Chapter 4 - Connections

3.1K 135 9
                                    

    Sean strolled into the hospital fifteen minutes early, after another quiet pod ride since his ZipSled was yet to be repaired. The tech at the repair shop informed him parts were on order from New Canton, one of the industrial Cores on the East Coast.  He sat down in his small, shared office and started looking over the work orders for his shift. Chad showed up a bit later and was nice enough to bring an extra coffee, truth be told, the coffee was for a nurse's assistant on Three-West he was keen on, but she was off ill.  Sean thanked him for the coffee.

"Still issues with the MedLine network in paeds?"  Sean waved the tablet at Chad, the device listed all the work orders, sorted by priority.

"Yeah, the nurses are having to send the Pediabot on rounds every fifteen minutes, since the vitals from the nursery aren't reliable.  It's not that critical though, we can push that one off. Now, Nineteen-North is another story, I have had a bunch of calls and emails from the administrators, they want the air purification system fixed now, that's priority tonight. They have had to empty the entire Wing practically and they are running out of room."

"I'm on it.  Have you pulled the logs from the environmental control servers?"

"No, I figured you would."

"My toolbox wasn't in my locker either, have you seen it?"

"Oh yeah, sorry, I had to borrow it.  I think I left it in the maintenance closet on 8-North."

"Geez Chad, at least bring it back when you're done with it." Sean said, doing little to hide his annoyance.

"Sorry chief, I did bring you a coffee.  I gotta run, bunch of reports to fill out. Keep me posted on your progress with 19-North."  Chad excused himself and left, avoiding further discourse on the errant toolbox.

Sean, took a deep breath, turned his attention back to the tablet, and began reading through the notes left by the day shift.
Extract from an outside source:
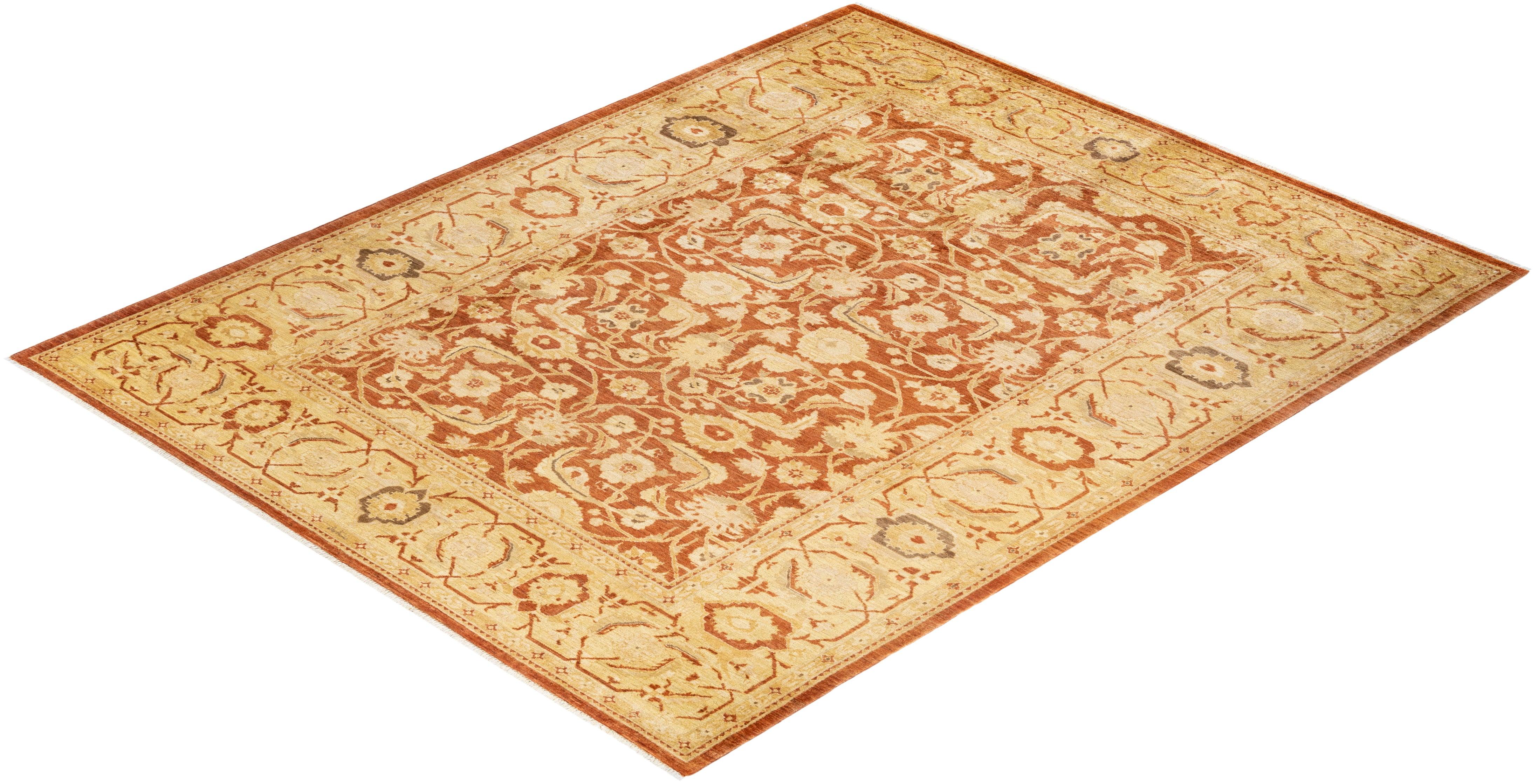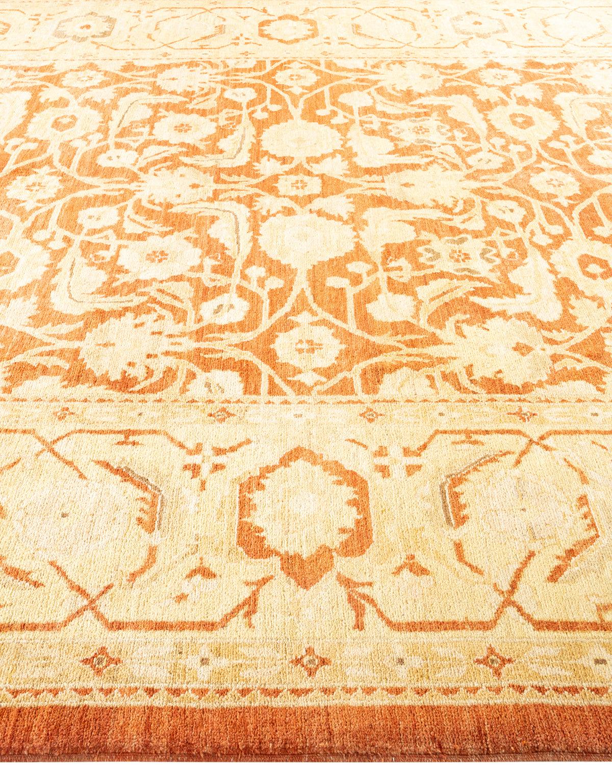 Contemporary Hand Knotted Eclectic Floral Brown Area Rug 9' 2" x 11' 3"

He downloaded the server logs and maintenance reports for the top 6 items on the to-do list.  He initiated a diagnostic on the environmental systems for Nineteen-North and fired off an email to the Head Nurse on paeds advising her that he would try to get to that issue this evening.  He then went over to his locker and changed into a clean uniform, which consisted of light-blue overalls and protective footwear.  He clipped an ID badge to his chest pocket, and checked to make sure he had his nearband keycard, grabbing the tablet he headed toward the elevators.  Up on the eighth floor he chatted with a couple interns before retrieving his toolkit and heading up to 19-North.

The environmental control system was a complicated collection of sensors, servers and devices that managed temperature, humidity, oxygen levels, air purification, water purification, waste treatment, and innumerable other things throughout the hospital.  A pair of master servers in the data center provided central control, but each floor had a slave system that managed all the items of that floor, taking orders from the masters and reporting back on current conditions.  All the various sub-systems had sensors that reported data points to the slave, all the environmental variables were sampled several times per second, fed back to the slave which then told the environmental systems to make adjustments accordingly.  When working it was a symphony of modern technology, but when it was broken it was a nightmare to troubleshoot.  Tonight it was not the well-orchestrated system it was supposed to be.  

Some rooms hot, some rooms cool, ventilation running at all different speeds, sometimes not at all, and the dehumidifiers were all running at full capacity leaving the air bone dry on the entire floor. It made for an uncomfortable situation for both staff and patients, at least for those that remained on the floor, many found excuses to work in more favourable conditions. To make things worse, the lighting was also affected, the entire floor was either dimly lit or without any light at all.  Sean donned his headlamp and proceeded to the environmental server closet. The diagnostics had come back inconclusive and then logs told him what he already knew, things on 19-North were bad beyond description. He reset the server, the switch and reinitialized the control application, nothing changed.  He brought up an application on the tablet and paged IT, a man with a dark complexion in his early 40s appeared on the screen.